-- Dataset section follows --

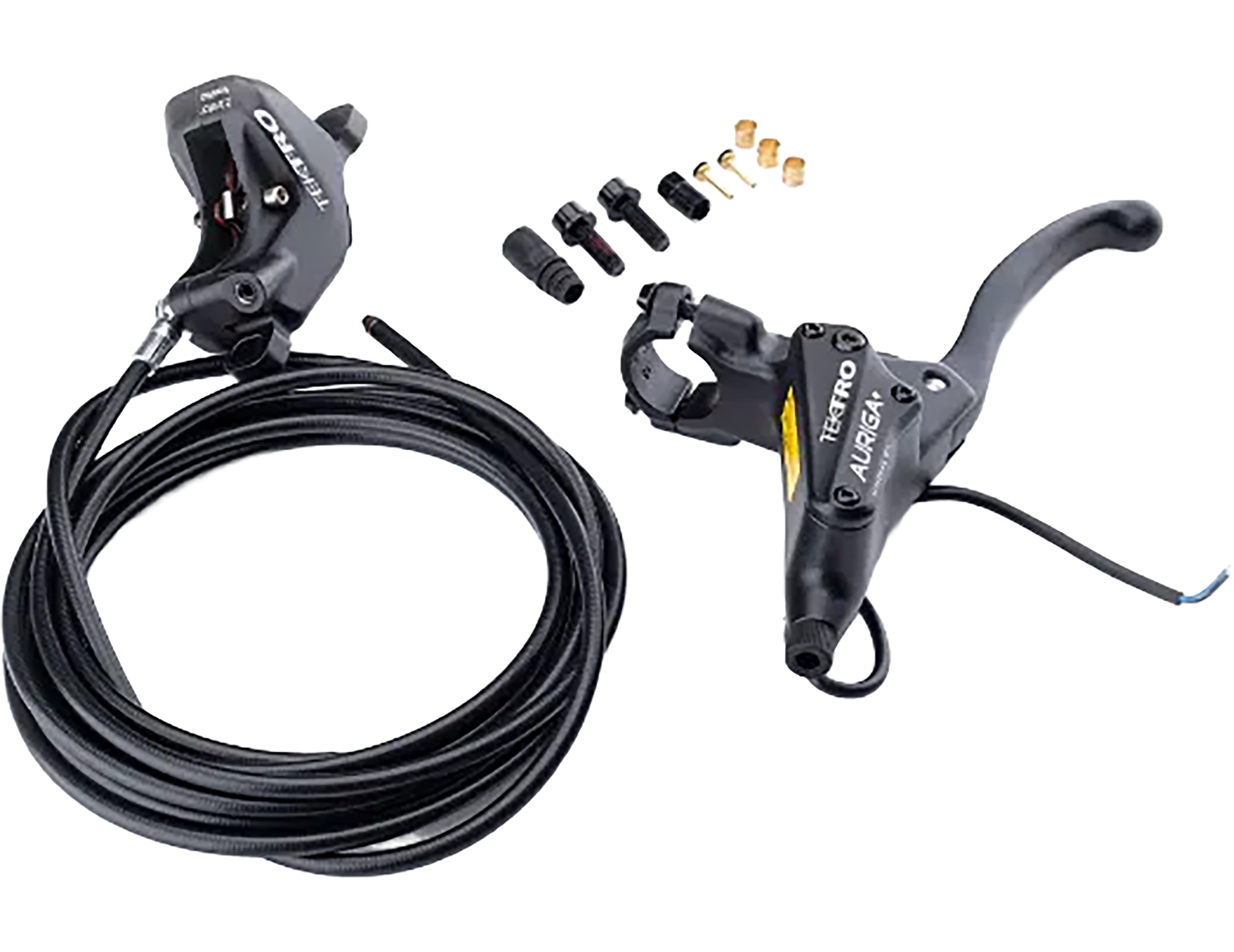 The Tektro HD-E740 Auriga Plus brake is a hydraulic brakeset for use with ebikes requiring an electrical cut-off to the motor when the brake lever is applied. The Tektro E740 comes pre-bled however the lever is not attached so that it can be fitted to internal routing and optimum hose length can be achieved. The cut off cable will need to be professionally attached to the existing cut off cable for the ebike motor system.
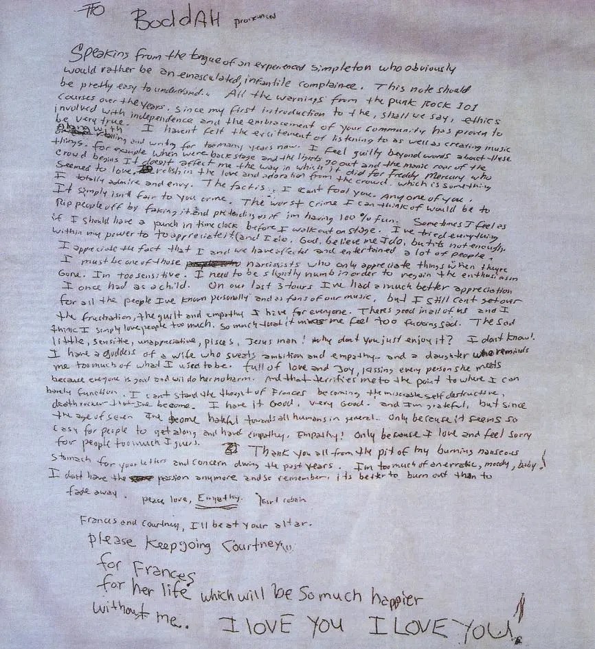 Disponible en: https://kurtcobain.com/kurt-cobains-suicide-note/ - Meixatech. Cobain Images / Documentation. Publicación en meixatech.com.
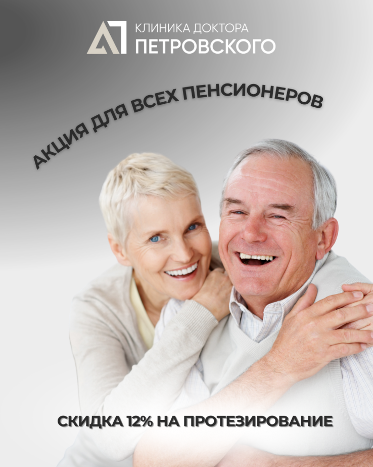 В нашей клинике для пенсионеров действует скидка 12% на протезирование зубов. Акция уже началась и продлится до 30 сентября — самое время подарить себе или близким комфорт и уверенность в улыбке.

-- Dataset section concluded --

In full and without any pictures, print the listing above exactly.

• [Problem solution]
 The Tektro HD-E740 Auriga Plus brake is a hydraulic brakeset for use with ebikes requiring an electrical cut-off to the motor when the brake lever is applied. The Tektro E740 comes pre-bled however the lever is not attached so that it can be fitted to internal routing and optimum hose length can be achieved. The cut off cable will need to be professionally attached to the existing cut off cable for the ebike motor system.
 Disponible en: https://kurtcobain.com/kurt-cobains-suicide-note/ - Meixatech. Cobain Images / Documentation. Publicación en meixatech.com.
 В нашей клинике для пенсионеров действует скидка 12% на протезирование зубов. Акция уже началась и продлится до 30 сентября — самое время подарить себе или близким комфорт и уверенность в улыбке.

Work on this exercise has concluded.